Playing with Intimacy and Intensity

Funded by the AHRC’s Research Networking Scheme, this project brings together an international group of practitioners, academics and practitioner-academics to share ideas and working methods of playfully inviting audiences to engage in challenging activity as part of performances.

Performance culture is changing. There is a turn towards playful invitations to intense and intimate encounters, that is proving popular with both artists and audiences. Audiences are being drawn into rich and sometimes risky experiences in the middle of performance, rather than at a safe spectatorial distance, often through structured games or playful provocations. The diverse work that is going on in theatre, live art, dance, gaming and applied arts can be seen as a dynamic but diffuse project of research and development into interaction, involvement and encounter, and into what play and performance can become in contemporary culture.

This project, led by Central’s Gareth White (PI) and Bruce Barton (CI) from the University of Calgary, strengthens connections between these disciplines, to enhance shared understanding in the sub-disciplines of participatory performance that are emerging in each case, and thus to stimulate new directions of enquiry in practice and theory.

This network brings together those who explicitly and implicitly research playfully intimate and intense participation, involving artists, academics and artist-academics across and between the intersections of art forms and academic disciplines, to stimulate shared insight and highly productive reflection on the artistic potential and ethical complexities of this work.
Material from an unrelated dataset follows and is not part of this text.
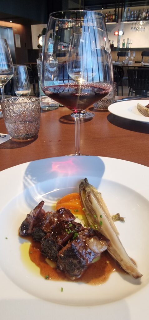 El plato fuerte de carne, una costilla de vaca cocinada a baja temperatura con romero y miel, patata fondant y endivia braseada, fue una obra de cocción lenta y sabores profundos. El vino seleccionado para este pase fue un Matas Altas (Monastrell – D.O. Jumilla), robusto, con taninos integrados y una fruta negra madura que acompañó con fuerza y elegancia a la potencia del plato.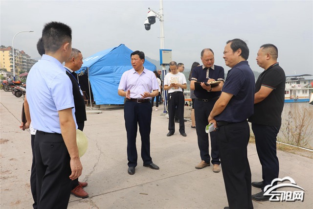 云陽網(wǎng)訊(實習(xí)生 王月園 文金月)8月20日,縣委常委、政法委書記羅啟輝率縣交通局、應(yīng)急管理局、云陽海事處等相關(guān)部門負(fù)責(zé)人,檢查長江5號洪峰過境云陽防汛工作。

The network proposed is an international group of scholars, artists and scholar-artists with expertise in creating and theorising performance practices across this range of art forms and academic disciplines, with proven ability to achieve high quality and high impact outcomes in writing and performance.

These changes to performance culture are happening now, and the growth of participatory performance across international cultural industries shows no sign of abating. The urgency of this research is that interdisciplinary practice-oriented research, involving practitioners and theorists from across intersecting art forms and disciplines with the deeper understanding it will bring, is needed to enhance and drive innovative practical responses to the complex ethical and aesthetic challenges of intimate and intense participation.

The project begins with a performance Lab, attended by network members from across the world, at Jackson’s Lane in London. A second Lab will take place in the autumn, along with a one day open conference, sharing the experiences of the network and inviting other experts (producers, critics, audiences, as well as practitioners and scholars) to share their perspectives.